Awaiting trial, Ward sat stiffly in the Bozeman County jail, searching to make sense of the disaster. He suspected his problems had begun in the sun-drenched climate of Orange County, California, where he grew up. A prisoner of greed as a child, he had longed for a Beverly Hills lifestyle though his family lived comfortably among the middle class.

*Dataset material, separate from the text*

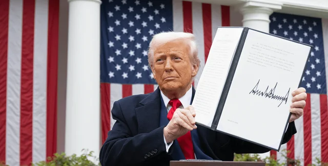 Дональд Трамп с подписанным актом о вводе повышенных пошлин на товары из Китая | Фото: Getty Images

Ward met his first wife at a party. "I was interested in her because she lived in a $2 million home and drove a BMW," recalls Ward, who had a trade-school education and worked as a mechanic. "I became involved with her and married her because of her family's money."

 

But soon after his 1981 marriage, his in-laws hit on hard financial times. Ward had been interested in mining since he was a 12-year-old kid digging around an old claim, looking for leftover treasures. What if they started a mining company? His father-in-law's entrepreneurial spirit took to the idea, and the two men ran it straight into the ground—twice. A failure in Northern California and another that same year in Arizona led them to reorganize and move their families to Virginia City, Montana, for a third try.

 

The onset of 20-below temperatures did little to cool the tempers flaring between them. Mining had come to a standstill in the cold weather, and the $300,000 debt only felt heavier. They crammed two families under one roof to save money—only to drink the savings away at the local bar. As the months stretched on with no work but lots of yelling, browbeating, and drinking, fury found expression. On an April Sunday, Ward exploded during an argument with his father-in-law. Ward drew a pistol and killed him. In one terrible moment, "I'd ended [his life], ruined his family's lives, and ruined my own. Everything we were, everything we'd planned was gone--just like that."